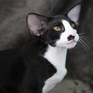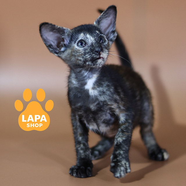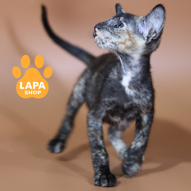 Josie — чарівна леді породи орієнтальна з привабливим забарвленням ebony tortie. Її блискуча шерсть та витончена статура роблять її особливо гарною. Великі вуха та виразні очі додають їй шарму та грації.
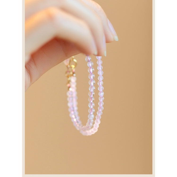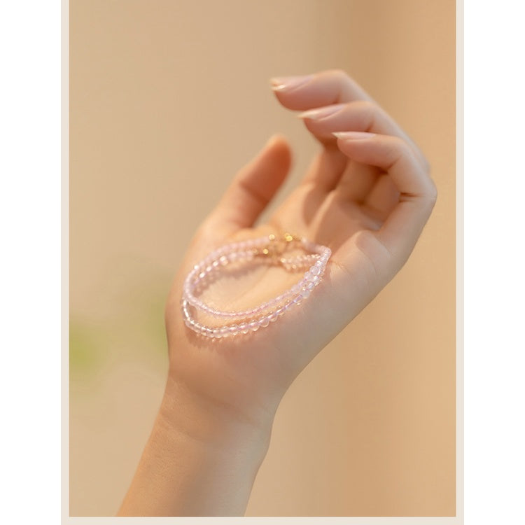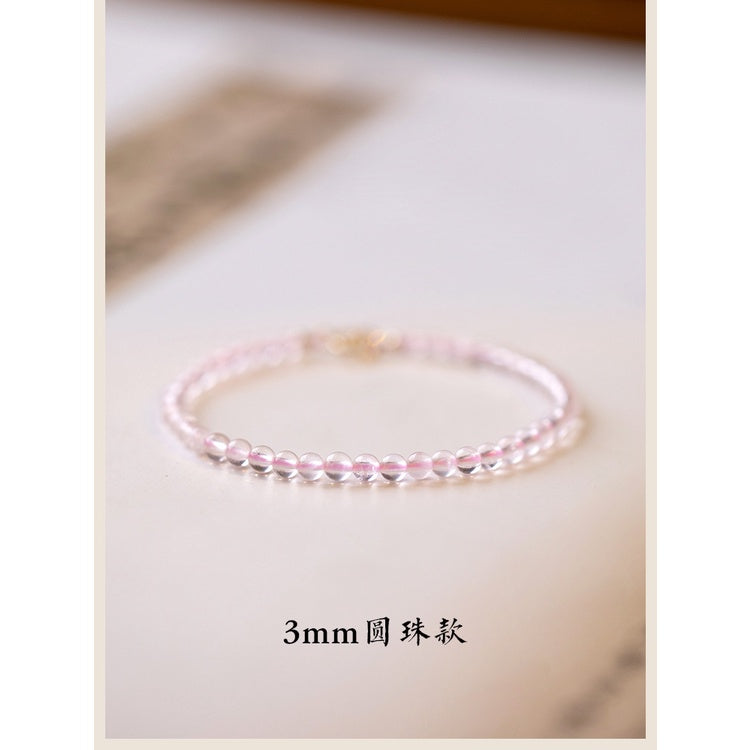 🔥現貨🔥【圓珠】3mm極細粉水晶手鍊女款招桃花轉運珠天然少女心手串ins復古風禮物【飾品批發】
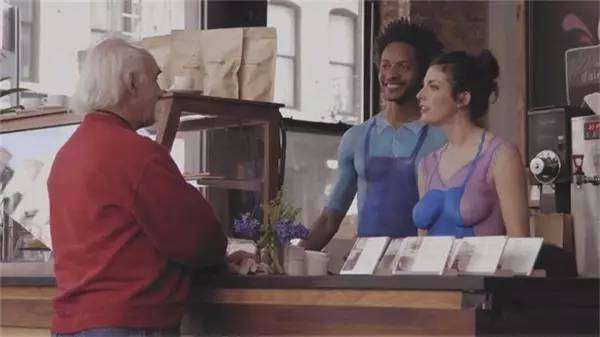 為了宣傳旗下的奶精Natural Bliss純天然無添加,于是雀巢決定赤裸裸地展示自己產(chǎn)品給顧客。他們選擇了一家咖啡店,十分大膽地讓服務員清一色全裸,考慮到不能與惡俗沾邊,給服務員來了場人體彩繪。
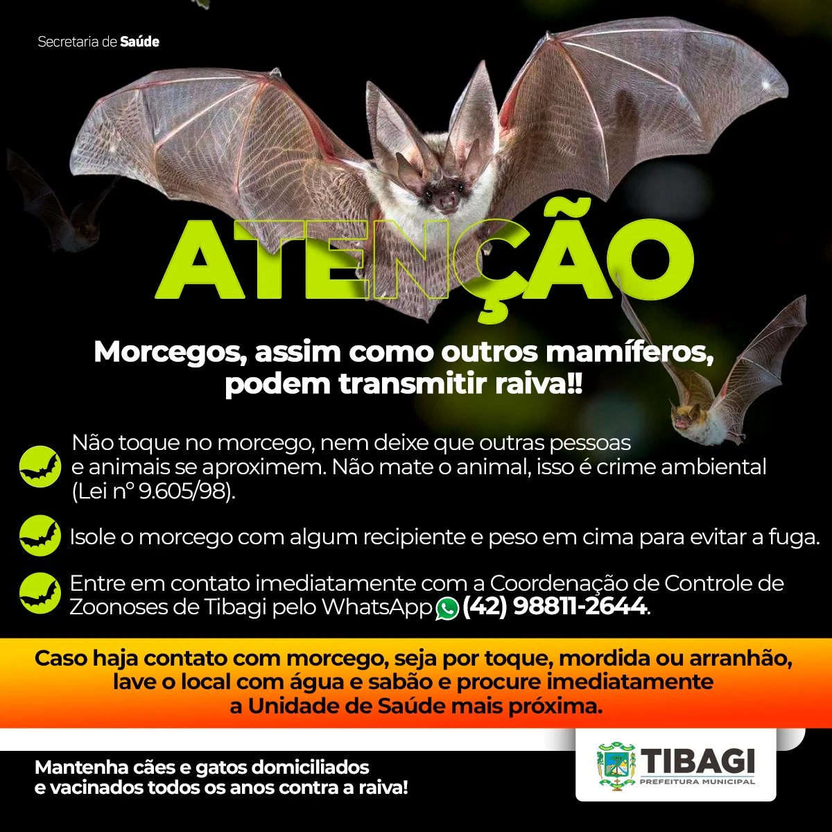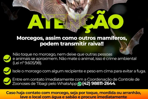 O médico veterinário Pedro Irineu Teider Junior, coordenador de Controle de Zoonoses, reforça a importância de que se alguém encontrar um morcego caído no chão, vivo ou morto, ou se o animal for avistado em atividade durante o dia, a recomendação é de não tocar no morcego e nem deixar que outras pessoas ou animais se aproximem, e entrar em contato com o Controle de Zoonoses (CCZ) do município pelo número (42) 98811-2644.
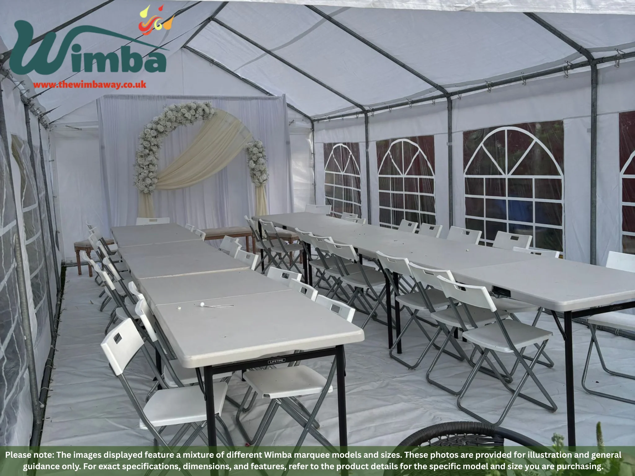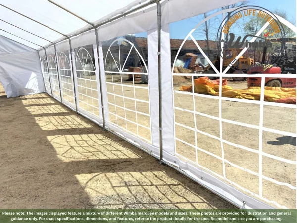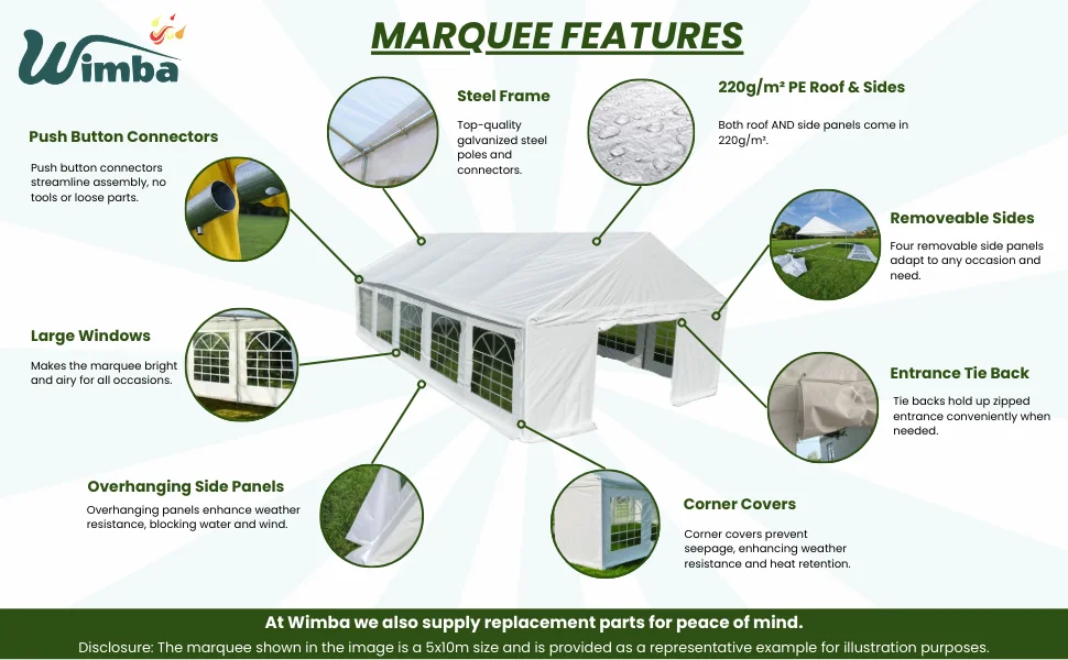 | We would like to inform you that while our PE marquees are weatherproof, they may experience condensation droplets on the inside of the roof when used in cold weather. Additionally, during periods of excessive heavy rain, there may be water leaks on the sides where the stitching is located. |

○ ○ ○ ○ ○

### Goal of the exercise
Reproduce each line of the records exactly, and omit every picture.

### Answer space
 Josie — чарівна леді породи орієнтальна з привабливим забарвленням ebony tortie. Її блискуча шерсть та витончена статура роблять її особливо гарною. Великі вуха та виразні очі додають їй шарму та грації.
 🔥現貨🔥【圓珠】3mm極細粉水晶手鍊女款招桃花轉運珠天然少女心手串ins復古風禮物【飾品批發】
 為了宣傳旗下的奶精Natural Bliss純天然無添加,于是雀巢決定赤裸裸地展示自己產(chǎn)品給顧客。他們選擇了一家咖啡店,十分大膽地讓服務員清一色全裸,考慮到不能與惡俗沾邊,給服務員來了場人體彩繪。
 O médico veterinário Pedro Irineu Teider Junior, coordenador de Controle de Zoonoses, reforça a importância de que se alguém encontrar um morcego caído no chão, vivo ou morto, ou se o animal for avistado em atividade durante o dia, a recomendação é de não tocar no morcego e nem deixar que outras pessoas ou animais se aproximem, e entrar em contato com o Controle de Zoonoses (CCZ) do município pelo número (42) 98811-2644.
 | We would like to inform you that while our PE marquees are weatherproof, they may experience condensation droplets on the inside of the roof when used in cold weather. Additionally, during periods of excessive heavy rain, there may be water leaks on the sides where the stitching is located. |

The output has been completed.